• Exercise details:
Reproduce, exactly and only, the lines of the data that follows from the one containing "7.除此之外,玩家还可以额外" down to the one containing "French Empire style", without pictures.
Start of Data for processing
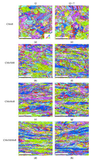 Besides the qualitative characterization by means of conventional observation techniques, a quantitative crystallographic characterization was carried out using EBSD technique. In Figure 4 the IPF (Inverse Pole Figure) maps corresponding to the different steels and both Q and Q + T states are presented. Regarding the effect of chemistry, the addition of microalloying elements promotes microstructural refinement. The coarsest martensitic structure is observed in the CMnB grade before and after tempering (see Figure 4a,e). The formation of a very fine martensitic microstructure is observed in the Mo containing steels (Figure 4c,d,g,h). Moreover, the EBSD maps corresponding to Mo and NbMo micro-alloyed steels show that the transformation takes place from a heavily deformed austenitic structure, as the prior austenite pancaked structure is clearly reflected. In order to confirm this fact, samples were etched by picric acid and completely different austenite conditioning could be identified depending on the chemical composition as shown in a previous study [22]. In the CMnB steel, an equiaxed and homogeneous austenite grain structure is observed. For the CMnNbB steel, a mixed structure consisting of pancaked and dynamically recrystallized fine grains is found. The Mo containing grades comprise a fully pancaked austenite microstructure showing a high degree of strain accumulation [22]. Tempering of the CMnB steel modifies the microstructure to slightly coarser grain size as compared to the quenched state (Figure 4a,e). On the contrary, the microstructure of the micro-alloyed steels appears not to be altered by the tempering treatment (see Figure 4). This can be related to the well-known potency of Mo and Nb of strongly obstructing recrystallization at temperatures below 650 °C.
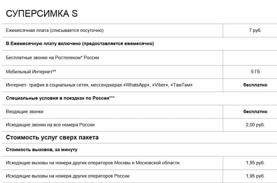 Стоимость может отличаться. Помните – в каждом регионе действуют свои правила на мобильную связь. Уточняйте эту информацию у сотрудников компании, связавшись с ними по горячей линии или в ближайшем отделении Ростелекома. В Москве и Московской области условия действуют следующие:
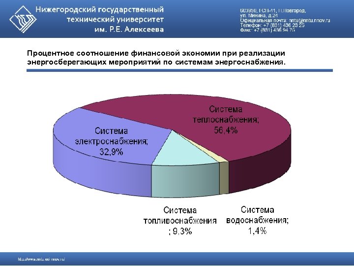 Процентное соотношение финансовой экономии при реализации энергосберегающих мероприятий по системам энергоснабжения.
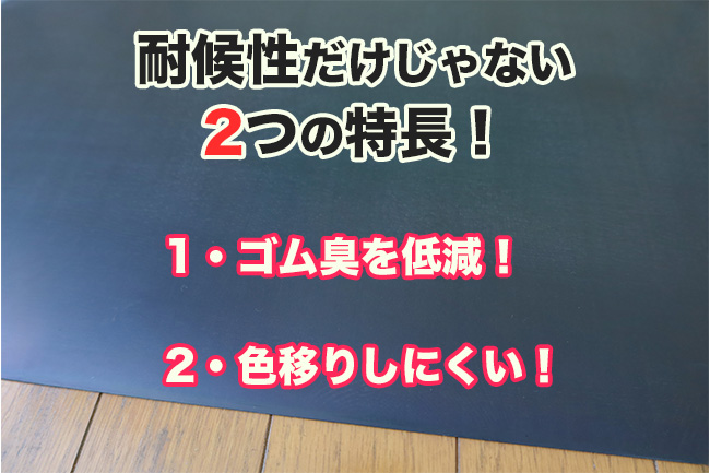 「耐候性に優れている」と言うと、いかにも屋外向けの商品のように聞こえますが、今回ラインナップしたゴムシートには耐候性以外にも大きな2つの特長があります。それは、
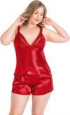 Findit Büyük Beden Kırmızı Saten Babydoll Şort Takımı 1066
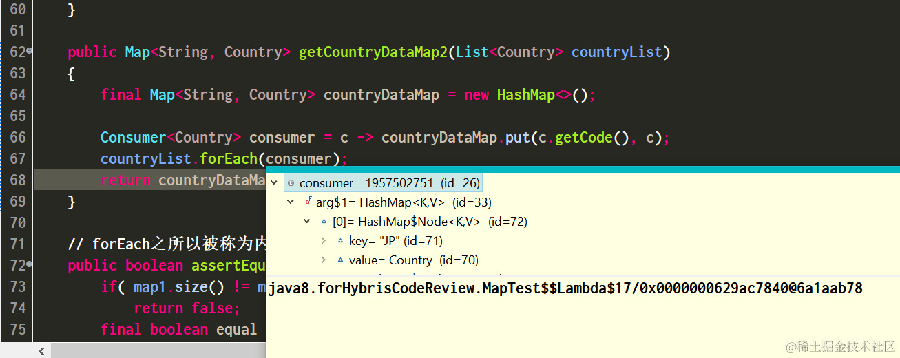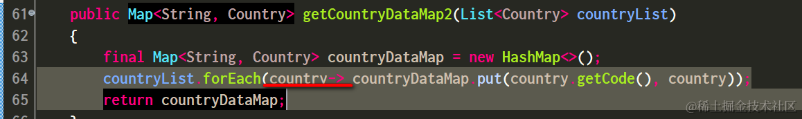 country为临时变量,类型为countryList里的元素,forEach里的Consumer实际是一个Lambda Function,并且可以访问函数体外定义的变量。
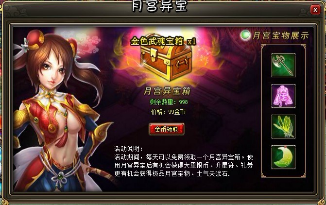 7.除此之外,玩家还可以额外花费金币领取月宫异宝,金币领取999次,每次只需99金。每次购买消耗的金币是固定的。
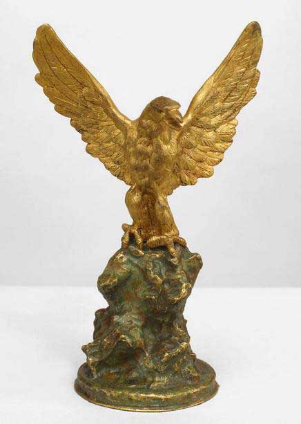 French Empire style bronze dore figure of perched eagle with spread wings (19/20th Cent.).
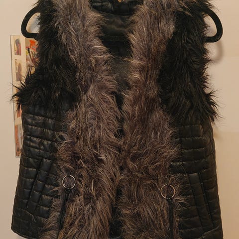 Pels vest med fake pels fra mærket WLNXI i størrelse L. Den er sort med sort og brun pels. Brugt få gange så stadig i ret god stand. Ingen brugsspor ud over lidt på pelsen i at den måske lige skal redes eller lign. Men intet der er gået i stykker.
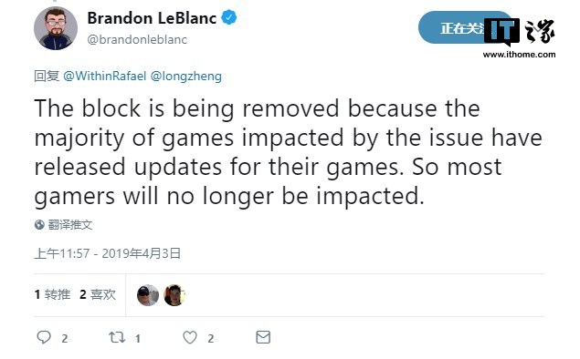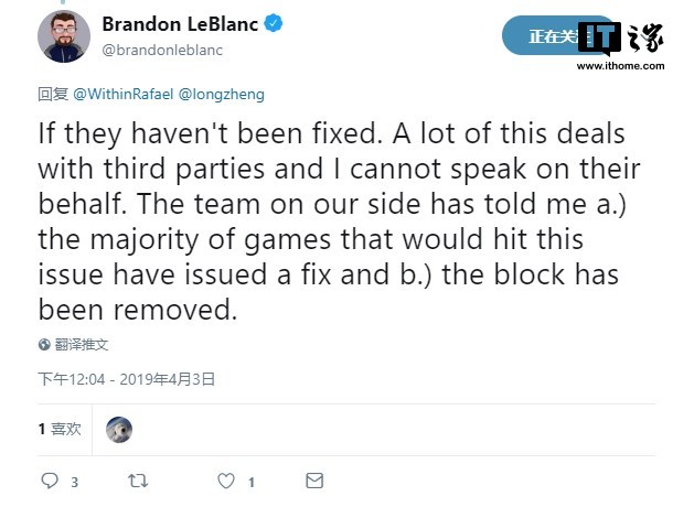 在谈到修复时,微软这一次明确表示不会再关注。相反,微软希望游戏开发者能够主动提供修复。好消息是,大多数开发者已经提供了修复。
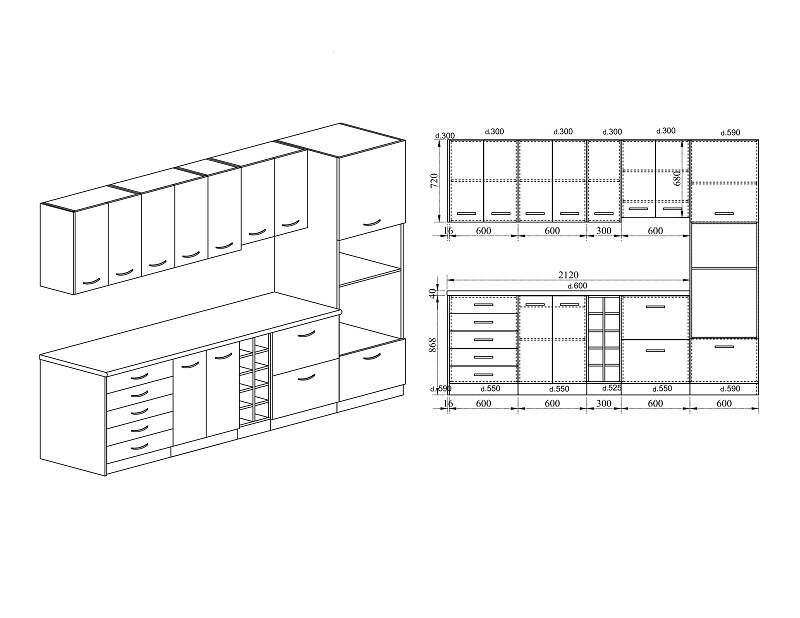 Дълбочина на шкафове под плот 55см.
End of Data for processing
• Reply:
 7.除此之外,玩家还可以额外花费金币领取月宫异宝,金币领取999次,每次只需99金。每次购买消耗的金币是固定的。
 French Empire style bronze dore figure of perched eagle with spread wings (19/20th Cent.).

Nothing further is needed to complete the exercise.